Menino’s recently proposed “entertainment zones,” which he defined as areas specifically meant for venues that cater to under-21-year-olds by not serving alcohol – such as coffee shops – further reveals his misinformed, out-of-touch attitude toward students and underage drinking. These “zones” would do little to encourage under-21-year-olds from not drinking, as several non-alcoholic venues already exist for a student’s weekend entertainment. The plan might be more convincing if its details were laid out, but the vagueness in which Menino described this idea makes it unworthy of being taken too seriously, and is almost insulting to students.

Menino has rarely scheduled meetings with student leaders to hear their concerns, but only seems to cooperate with Boston University’s administrators, who often do not convey student concerns as well as the students themselves.

And with 12 years as mayor behind his back, Menino doesn’t deserve an extra four years to carry out his platform. Hennigan has proposed that the city consider having mayoral term limits, an idea worth discussing further.
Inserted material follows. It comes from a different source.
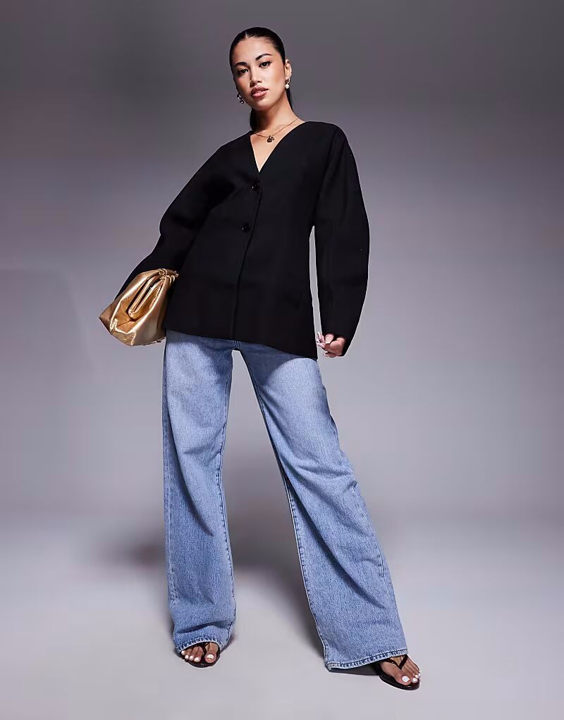 Строгий блейзер ASOS DESIGN из черного фактурного льна, комплект 8 631₽

She has said that the absence of a term limit allows the mayor to act on an “I’ll do it next year” mindset instead of focusing on his goals in a timely manner.

In March of this year, Hennigan defended students’ ability to vote in the preliminary election after one politician tried to turn away voters from the 111 Cummington St. polling station, telling students they should not vote because they are not long-term residents of Boston and therefore don’t have the right to be represented.
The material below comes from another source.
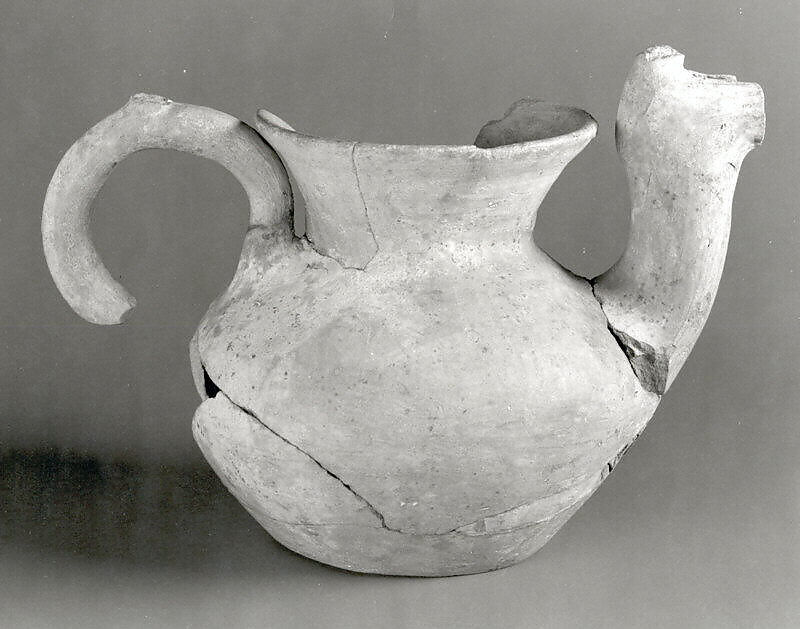This spouted jug has a globular body, a flat base, and a high flaring rim. On one side is a looped handle with a tab at the top for the thumb, and on the other is a spout that rises upward from the jug’s body before extending out horizontally, though only a little bit of it remains. It is made of a pale, light pink clay, using a potter’s wheel, with the handle and spout added. It was excavated at Shahr-i Qumis in northern Iran, which has been identified as the ancient city of Hecatompylos, established by the Parthians as their capital by about 200 B.C. In Greek Hecatompylos means ‘a hundred gates,’ suggesting that the city was quite large. Indeed, the modern archaeological site includes several mounds, only a few of which have been excavated, and a vast area covered with potsherds. This vessel was found in a large building at Site V, which has been tentatively identified as an elite residence. This building was completely filled with dirt sometime in the late 1st century B.C. or early 1st century A.D., perhaps when the Parthian capital was moved elsewhere and the city’s elite residents left with it.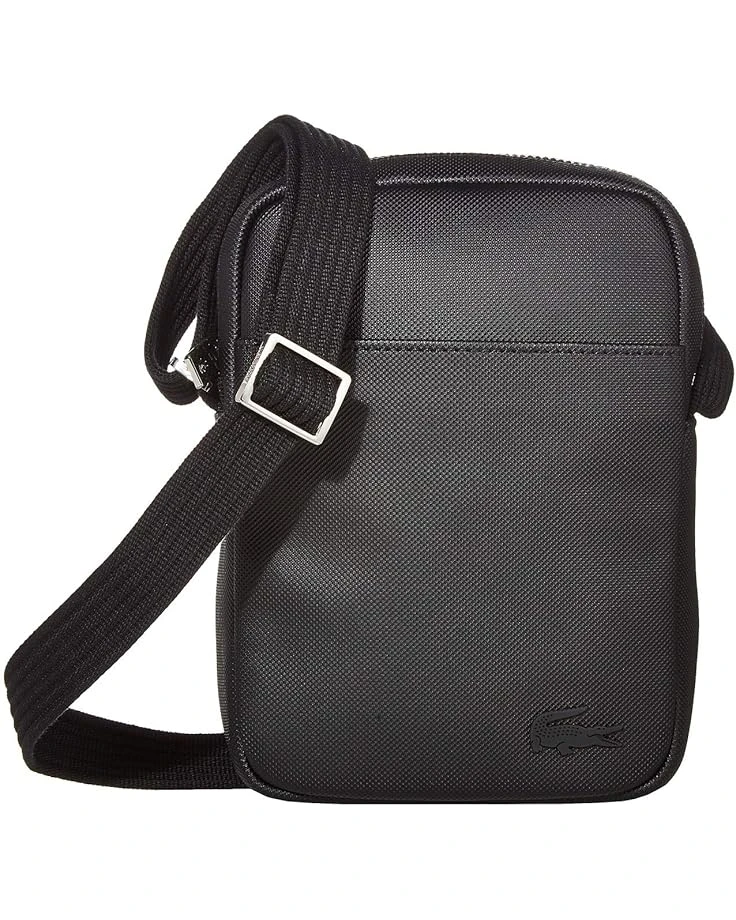 The perfect on-the-go style to elevate your dapper style, the zip PVC Lacoste™ Classic Slim Vertical Camera Bag with adjustable crossbody strap. SKU: #9291186Signature logo detail at front with exterior front slip pocket with flat bottom.Polyester lining features interior zip and slip pockets.Imported.Measurements:

At a City Council meeting soon after, Hennigan fired back, saying it is the city’s responsibility not to single out students with intimidation or voter suppression techniques.

Hennigan also has pledged to improve maintenance by the city’s services, and respond to neighborhood concerns by bringing all complaints into the public realm. This way all complaints would be taken into consideration at Council meetings and released as public information.

Though Menino has said he would call for Neighborhood Response Teams, perhaps another misnomer, he has had 12 years in office to consider such a basic and necessary idea, and his plan would not even allow private complaints to be released into the public.

Menino has continuously refused to participate in campaign debates with his opponents, while Hennigan has been pushing regularly, sometimes crudely, for a one-on-one confrontation.

Though the limited debates between Menino and Hennigan have obscured both candidate’s stance on one another’s views, this should not discount the importance of voting for mayor – especially among younger freshmen who have more than three and a half years left at BU and in the city of Boston. Students should choose a candidate who shows concern for students in Boston, and for this reason The Daily Free Press endorses Maura Hennigan.